Financial Results for the Three and Six Months Ended June 30, 2013
Subsequent to June 30, 2013, the Company announced that it engaged a firm to undertake a process to explore a sale of the Company, and if feasible and subject to shareholder approval, to sell the Company. As a result of this and other related factors, the Company has prepared its financial statements on the liquidation basis, rather than the going concern basis, as required by International Accounting Standard 1.
During the quarter, the Company generated $60,575 of revenue from canola oil and canola meal sales at its Saskatoon plant, versus revenue of $136,008 in Q2 2012. As previously discussed, the Company ran its crush operations only as required to support the development and piloting activity required for the completion of the Company's detailed engineering scale-up and strategic partner mandates. This resulted in low processing volumes and revenue earned during the quarter. On May 24, 2013, the Company ceased production at the plant.
Gross Profit (Loss)
Cost of Goods Sold for the quarter was $108,346, compared to $602,611 in Q2 2012. The decrease results from the low processing volumes and reduced scope of operations as discussed above. As a result of development and piloting activity, a portion of on-going plant operations expenses have been included in Plant commissioning and start-up expenses, as discussed below, rather than in Cost of Goods Sold. As a result of the foregoing factors, Gross Loss for the quarter was $47,771, versus $466,603 for the comparable prior year period.
The Company incurred other expenses during the quarter of $8,431,407, compared to $3,390,160 in Q2 2012. The primary components of this variance were:
General and administrative expenses were $847,210 in Q2 2013, versus $980,219 in Q2 2012, as a result of the Company's previously noted cost reduction efforts.
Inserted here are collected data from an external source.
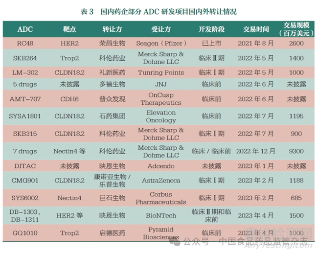 ADC近年來(lái)在我國(guó)的開(kāi)發(fā)異常火熱。表3列出了部分有國(guó)內(nèi)外轉(zhuǎn)讓權(quán)益的ADC研發(fā)項(xiàng)目,可以客觀地反映國(guó)內(nèi)藥企在這一研發(fā)領(lǐng)域的生命力,也體現(xiàn)了我國(guó)生物醫(yī)藥的創(chuàng)新活力和對(duì)世界新藥研發(fā)的重要貢獻(xiàn)。
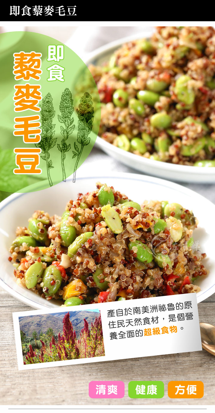 .佐佐鮮即食藜麥毛豆,清爽養生又健康方便的藜麥毛豆產自於南美洲祕魯的原住民天然食材,
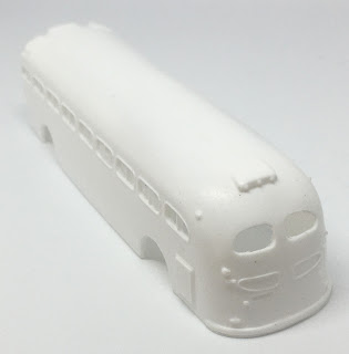 A few months back, I saw an announcement for this interesting HO scale bus from Small Wonders (a Sylvan Scale Models affiliated company.) I ordered one from a seller on ebay a couple weeks ago. It's a classic late Steam to Diesel era bus. They were used in longer haul service as well as typical municipal transit. The site Coachbuilt has a fairly good history of the General American Aerocoach buses. I have already decided to decorate mine for a fictitious southern Oregon regional bus line serving towns between Ashland and Grants Pass (unless I find good information about an actual bus line that operated this prototype in that area, at that time.)

During Q2 2013, the Company conducted an evaluation of potential impairment of the carrying amount of the Company's intangible assets. The evaluation of potential impairment was required as a result of the Company announcing, subsequent to the period, that it had engaged a firm to undertake a process to explore a sale of the Company, and if feasible and subject to shareholder approval, to sell the Company. The Company recognized an impairment charge on the entire carrying value of its intangible assets, in the amount of $5,087,519, as it is unable to quantitatively assess and support the value of the intangible assets. The impairment charge has been presented as a component of Impairment and other income (expenses) for the three months ended June 30, 2013. In 2013, the Company announced that it intended to discontinue operations at its facility in Saskatoon, Saskatchewan. As a result of the impending sale of the Saskatoon plant assets, the carrying amount of the assets held for sale has been estimated at their fair value less costs to sell. The Company announced that it had signed binding purchase agreements for its Saskatoon land, building and equipment for gross proceeds of $11,113,000. As a result, the Company recognized an impairment charge of $378,428 which has been presented as a component of Impairment and other income (expenses) for the three months ended June 30, 2013. Impairment and other income (expenses) also includes severance costs for employees that were terminated on or before June 30, 2013, in the amount of $271,332.